Joseph is the CEO of SnapAds, which helps local businesses find, keep and reward customers.
Marketing is often misunderstood as a separate function from business, but it is, in fact, essential for any company to succeed. At its core, marketing is simply about understanding and communicating your value proposition to potential customers. By doing so, you can attract new business, increase customer lifetime value and reduce churn.
Understanding The Metrics
There are three key metrics that businesses need to track in order to understand how to grow their business.
1. Cost of customer acquisition (CAC): the amount of money it costs to acquire a new customer.
2. Lifetime value of a customer (LTV): the total amount of revenue that a customer generates over their lifetime.
3. Churn: the rate at which customers stop doing business with you.
To have a profitable business, you need to have an LTV that is greater than your CAC. This means you need to generate more revenue from your customers than it costs to acquire or find them. There are two main ways to do this: Lower your CAC and increase your LTV.
The Role Of Marketing
Marketing can help you lower your CAC by making it easier and more efficient to acquire new customers. For example, you can use marketing to generate leads, create awareness of your brand and drive traffic to your store. In addition, a modern form of marketing is rewards and incentives. This is nothing more than the old coupons and discounts that were once offered to generations before us. Rewards and incentives provide great ways for marketing to help improve the CAC.
It is important to understand that the most optimal CAC is not $0. In fact, spending more to get customers can actually help your business grow. This is because the first time a customer visits your business is often the hardest part of the customer journey. Once they become an actual customer, I’ve found you have a greater chance of getting them to come again. The real way to lower your CAC is by increasing the number of new customers, not lowering your spend.
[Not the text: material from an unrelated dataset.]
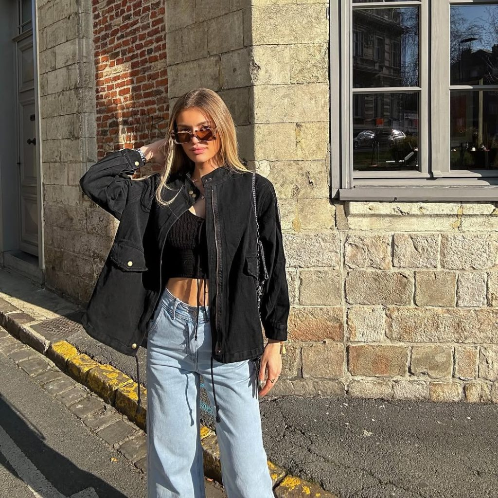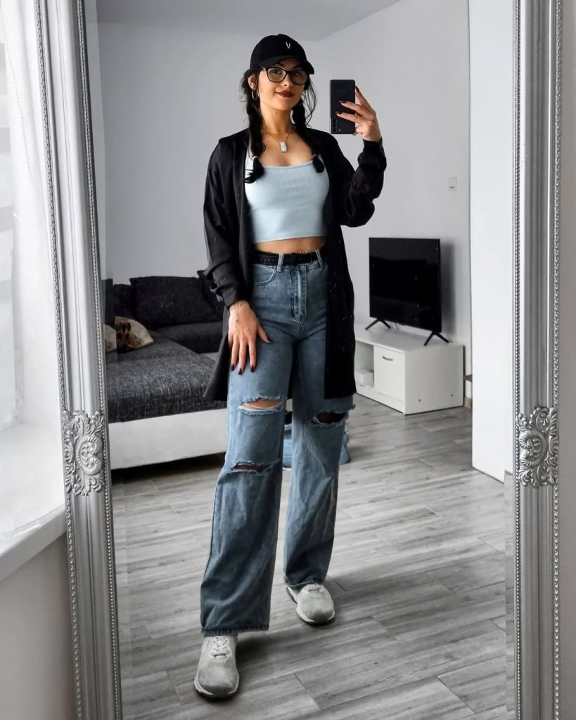 This look mixes sporty details with casual street style. A light blue ribbed crop top is layered with a long black overshirt and wide-leg ripped jeans.

An example can help illustrate this: Let’s say you pay new customers $10 as an incentive to come into your business. This may seem like a failed plan at first, as you would prefer the customer to pay you. However, once they become an actual customer, you have a greater opportunity to make money later through the LTV as that customer returns.
So, if we estimate your average sale at $8 and you pay $10 as a first-time visit, and the customer comes back a few times, then you are looking at $40 in sales for the expense of $10. That is a growing and profitable business. The magic in this scenario is that the marketing is actually performance-based, meaning that such offers only get paid out if the customer comes into the store.
Marketing can also help you increase your LTV by building customer loyalty and encouraging repeat purchases. For example, you can use marketing to offer loyalty programs, provide excellent customer service and personalize your marketing communications.
Strategies For Increasing LTV
Finding ways to keep your customers coming back is key to increasing LTV. This includes marketing activities such as reminding customers of sales via text, promoting upcoming events in the store and remembering customers’ names when they come in.
Loyalty programs are another great way to increase LTV. These programs reward customers for coming back to your business. Rewards and loyalty programs are especially effective because they are performance-based. As I mentioned earlier, this means that you only have to pay out rewards when customers come to your store.
To illustrate this, let’s extend the example above. Let’s say that you offer customers a $10 reward for every 10th visit. This means you have incentivized the customer to come to your store 10 times. That is sales of $80 now, which costs a total of $20, a net of $60. This magic also delays churn and keeps the customer coming back.
Improving CAC, LTV And Churn
Here are a few specific examples of how marketing can be used to improve CAC, LTV and churn.
CAC
• Use marketing to create awareness of your brand and drive traffic to your store through rewards for first-time store visits. For example, at my company, we do this by providing actual cash incentives for both visits and return visits. We ask the customers to scan a receipt to verify the purchase, and then we send cash.
• Generate leads through online advertising, social media marketing and email marketing.
LTV
• Leverage marketing strategies to build customer loyalty and encourage repeat purchases through loyalty programs and rewards, excellent customer service and personalized marketing communications.
• Upsell and cross-sell your products and services. This can be done by offering one product along with another product at the time of purchase. We all see this every time we go to a fast food restaurant, and they say, “Do you want fries with that?” That is cross-selling and marketing at the time of sale.
Churn
• Use marketing to reduce churn by staying in touch with your customers and providing them with valuable rewards and incentives.
• Identify and address customer pain points you solve. An example of this at my company is when we sent out an email with the title, “It’s time to plan your next vacation.” In the body, we explain that our solution is helping them grow their businesses so they can take a vacation. Reminding them of why they need our product helps get our message across.
Finding new customers is difficult, and keeping them is even harder. Creating ways to help you find new customers with rewards is an effective way of expanding your business and increasing your customer base. Cash-based incentives are nothing more than modern-day coupons and discounts that have been around forever. Utilizing such offers in the form of a reward gives customers a reason to check out your business and keep coming back.